:: Data for this exercise ::
========
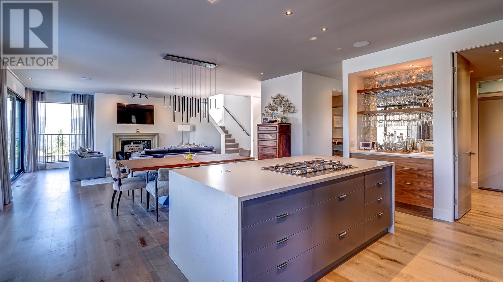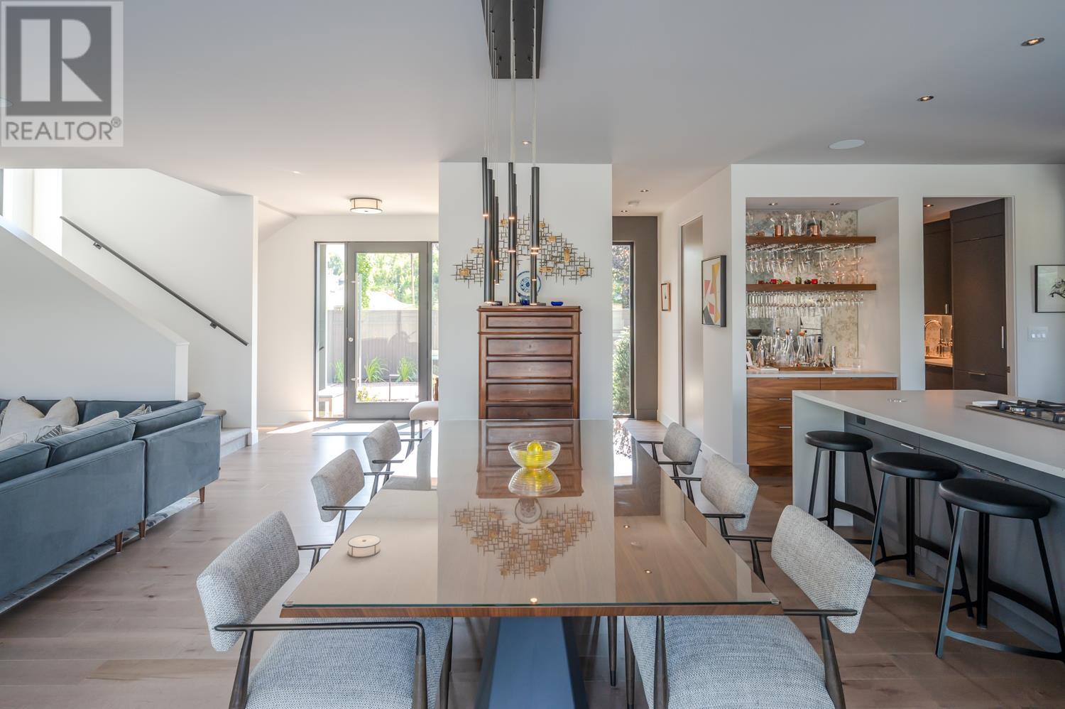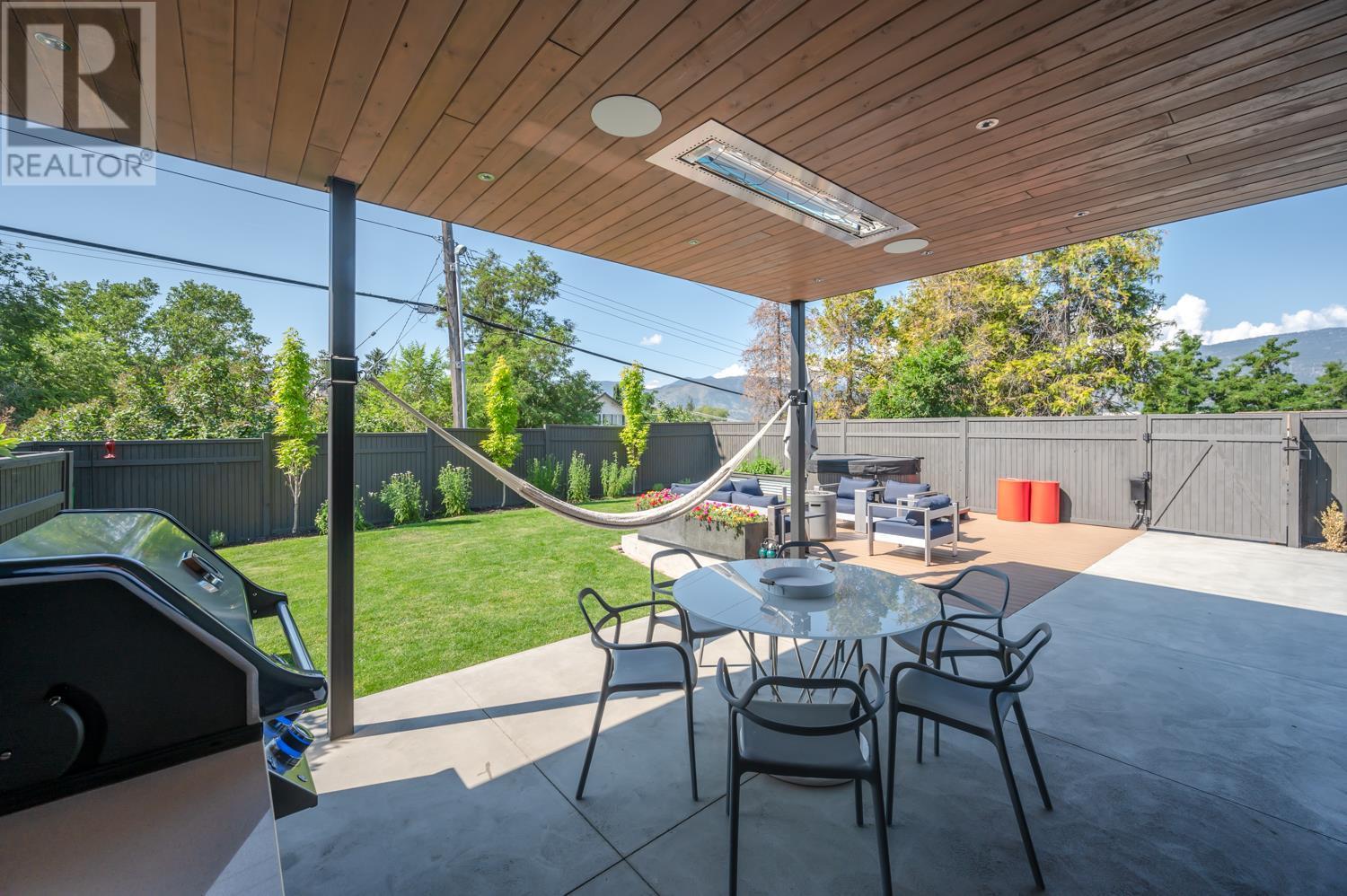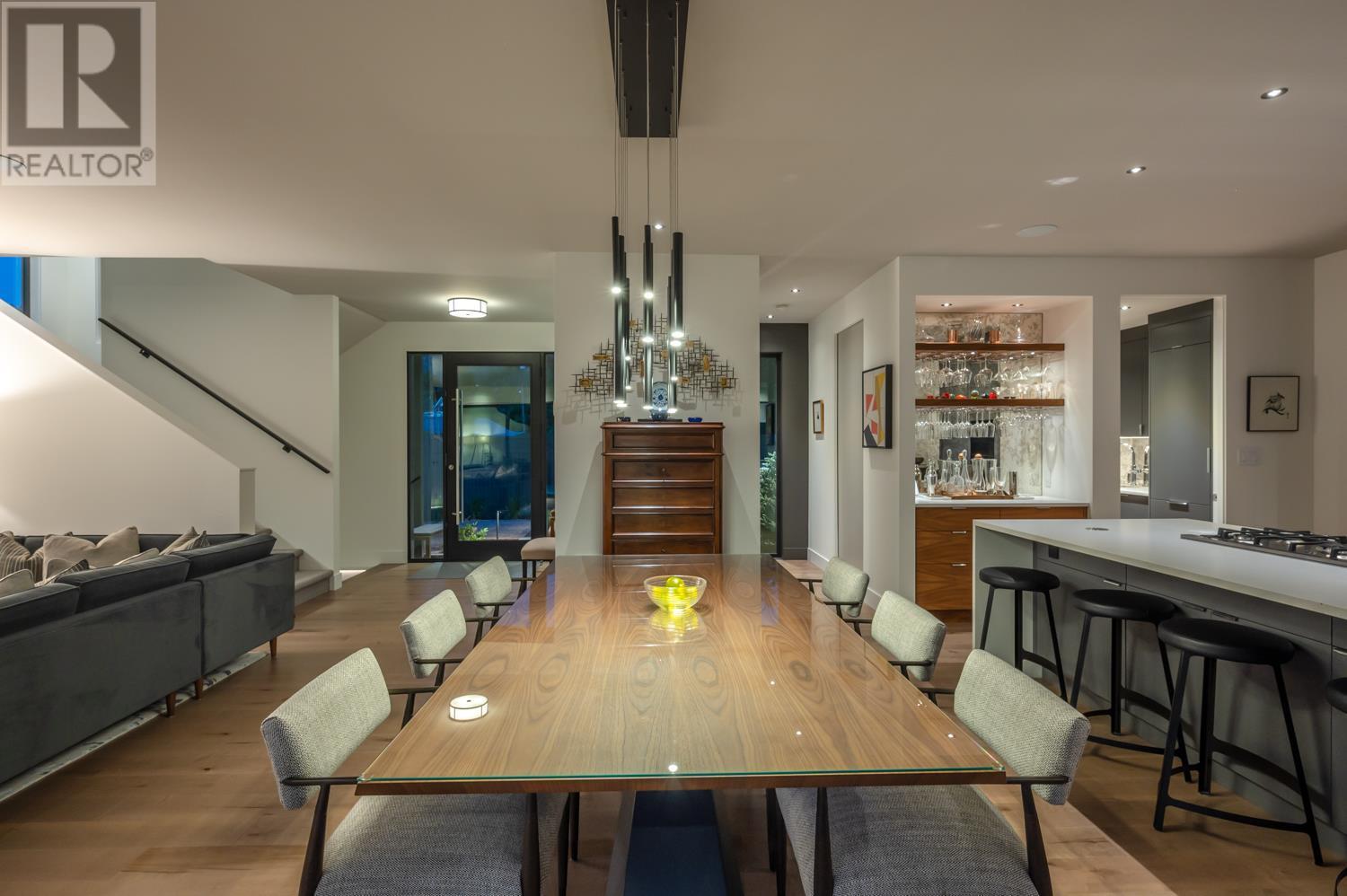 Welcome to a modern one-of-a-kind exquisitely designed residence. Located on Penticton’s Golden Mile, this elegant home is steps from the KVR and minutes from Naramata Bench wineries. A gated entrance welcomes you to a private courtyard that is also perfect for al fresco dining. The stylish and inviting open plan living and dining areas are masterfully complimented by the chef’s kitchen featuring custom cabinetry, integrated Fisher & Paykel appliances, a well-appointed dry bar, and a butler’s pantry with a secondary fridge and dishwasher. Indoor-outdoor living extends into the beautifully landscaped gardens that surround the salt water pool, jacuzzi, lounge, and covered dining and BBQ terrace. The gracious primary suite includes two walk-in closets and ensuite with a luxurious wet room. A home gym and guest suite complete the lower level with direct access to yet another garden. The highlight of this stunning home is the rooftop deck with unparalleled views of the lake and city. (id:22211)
========
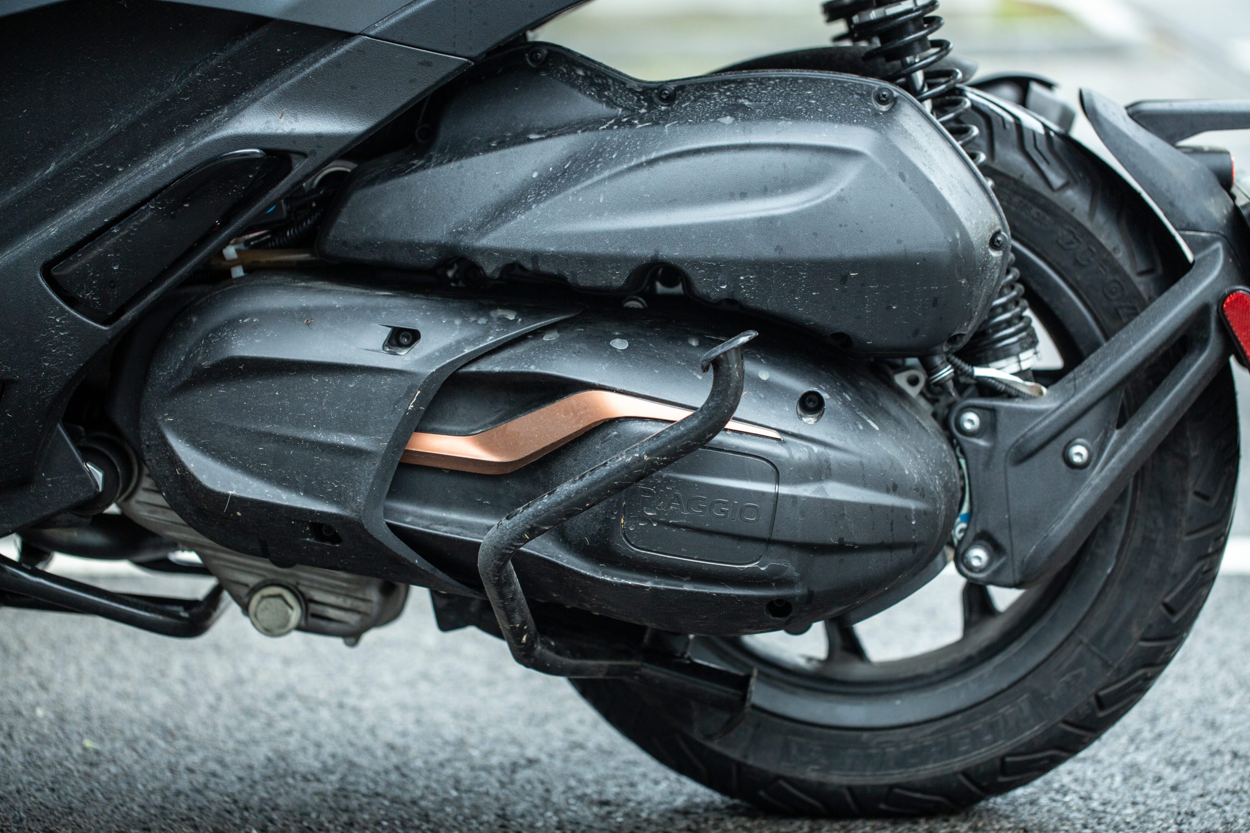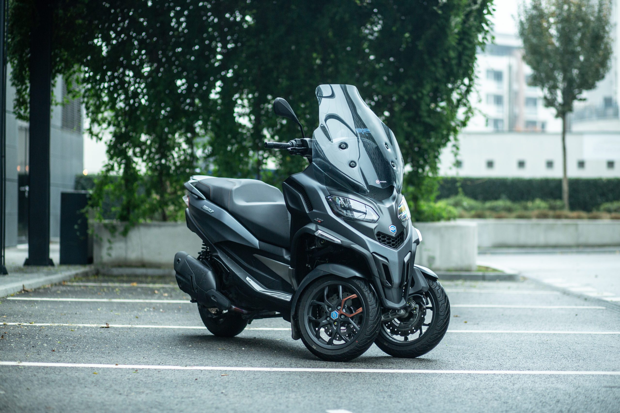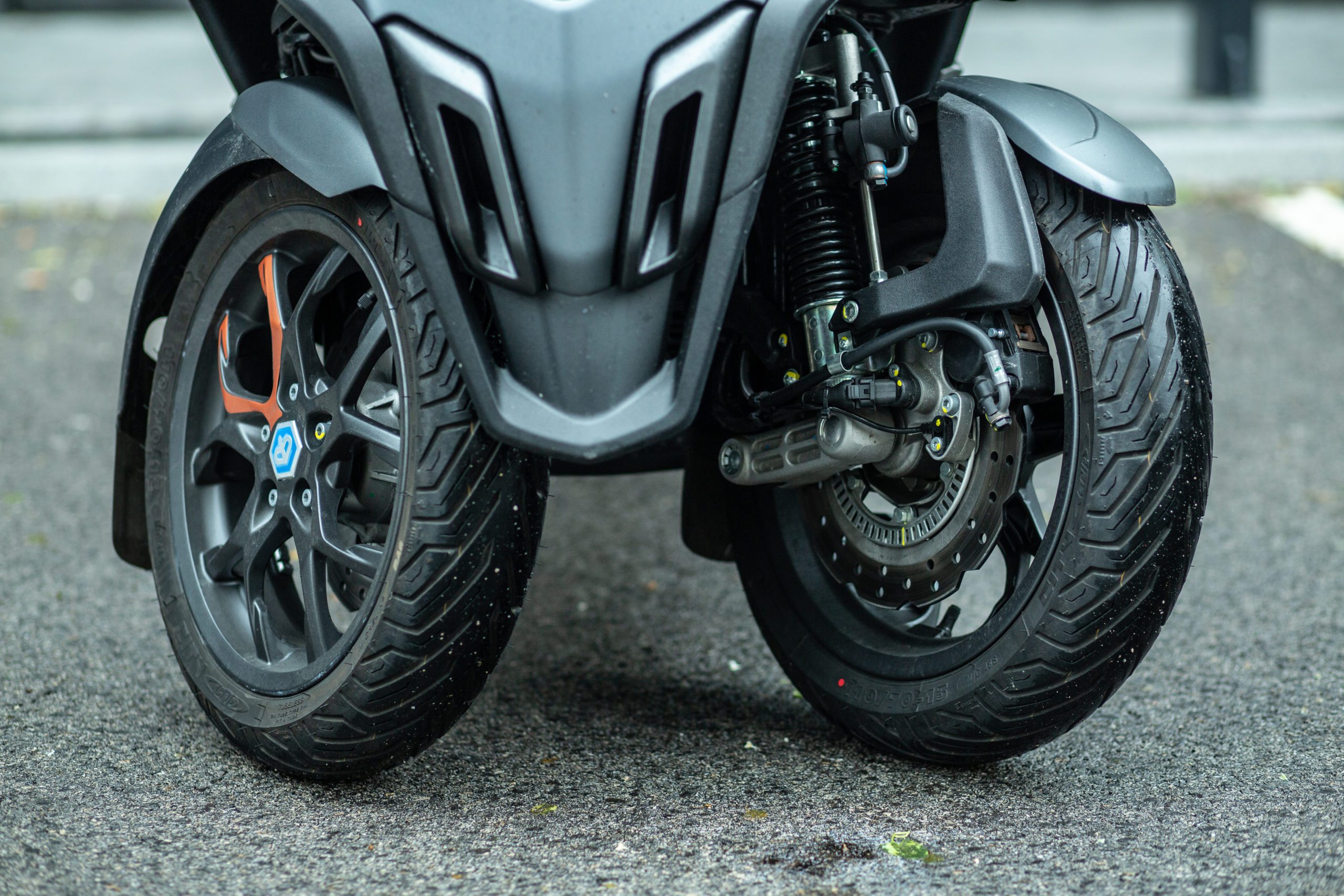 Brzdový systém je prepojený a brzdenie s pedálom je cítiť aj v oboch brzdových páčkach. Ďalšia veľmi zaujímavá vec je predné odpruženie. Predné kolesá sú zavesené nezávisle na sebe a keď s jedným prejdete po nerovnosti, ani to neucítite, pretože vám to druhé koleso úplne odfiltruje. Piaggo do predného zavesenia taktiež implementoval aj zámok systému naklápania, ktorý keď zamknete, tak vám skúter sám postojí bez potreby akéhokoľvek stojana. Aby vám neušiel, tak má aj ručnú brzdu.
========
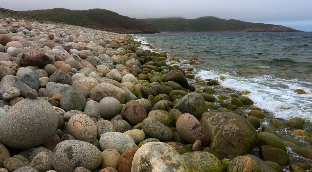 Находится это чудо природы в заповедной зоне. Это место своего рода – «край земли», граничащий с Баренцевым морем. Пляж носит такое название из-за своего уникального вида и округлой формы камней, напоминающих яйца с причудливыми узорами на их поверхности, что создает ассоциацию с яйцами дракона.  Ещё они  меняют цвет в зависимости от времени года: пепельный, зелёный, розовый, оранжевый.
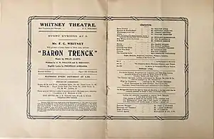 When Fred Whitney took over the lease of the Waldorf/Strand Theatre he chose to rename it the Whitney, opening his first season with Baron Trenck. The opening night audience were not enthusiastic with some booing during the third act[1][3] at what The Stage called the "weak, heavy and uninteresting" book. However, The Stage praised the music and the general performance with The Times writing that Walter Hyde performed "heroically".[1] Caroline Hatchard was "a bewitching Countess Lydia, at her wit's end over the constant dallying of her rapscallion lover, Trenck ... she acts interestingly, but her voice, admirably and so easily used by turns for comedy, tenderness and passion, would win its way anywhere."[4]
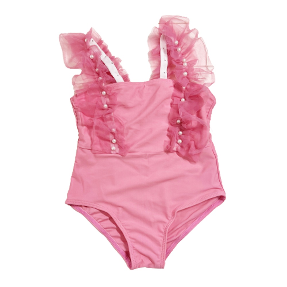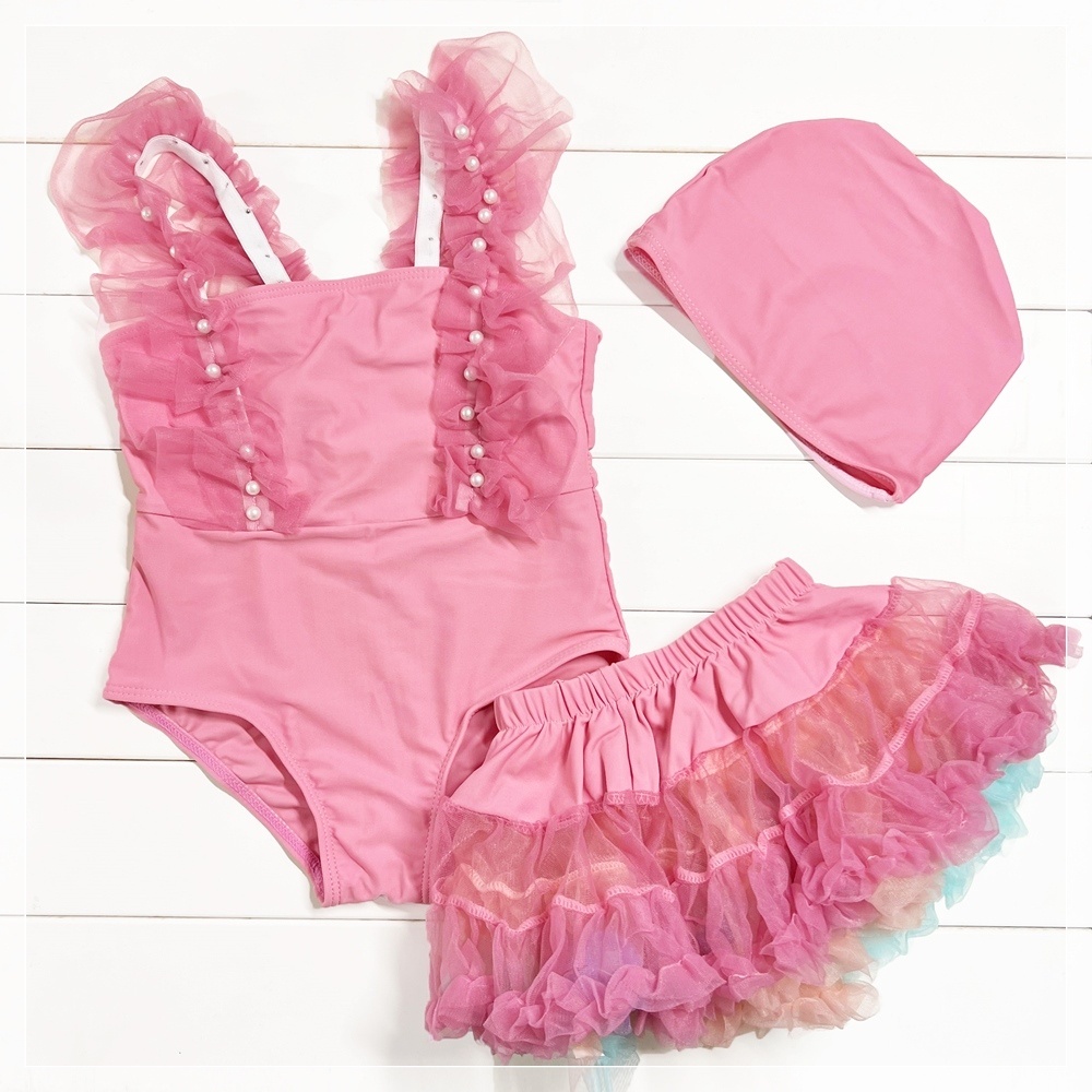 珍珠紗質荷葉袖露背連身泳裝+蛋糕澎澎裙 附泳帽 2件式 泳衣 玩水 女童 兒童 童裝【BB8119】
========
:: Problem ::
Print exactly, with no pictures, the lines above from the one that holds "Находится это чудо" through the one that holds "珍珠紗質荷葉袖露背連身泳裝+蛋糕澎澎裙 附泳帽 2件式", both of them included.

:: Response for this exercise ::
 Находится это чудо природы в заповедной зоне. Это место своего рода – «край земли», граничащий с Баренцевым морем. Пляж носит такое название из-за своего уникального вида и округлой формы камней, напоминающих яйца с причудливыми узорами на их поверхности, что создает ассоциацию с яйцами дракона.  Ещё они  меняют цвет в зависимости от времени года: пепельный, зелёный, розовый, оранжевый.
 When Fred Whitney took over the lease of the Waldorf/Strand Theatre he chose to rename it the Whitney, opening his first season with Baron Trenck. The opening night audience were not enthusiastic with some booing during the third act[1][3] at what The Stage called the "weak, heavy and uninteresting" book. However, The Stage praised the music and the general performance with The Times writing that Walter Hyde performed "heroically".[1] Caroline Hatchard was "a bewitching Countess Lydia, at her wit's end over the constant dallying of her rapscallion lover, Trenck ... she acts interestingly, but her voice, admirably and so easily used by turns for comedy, tenderness and passion, would win its way anywhere."[4]
 珍珠紗質荷葉袖露背連身泳裝+蛋糕澎澎裙 附泳帽 2件式 泳衣 玩水 女童 兒童 童裝【BB8119】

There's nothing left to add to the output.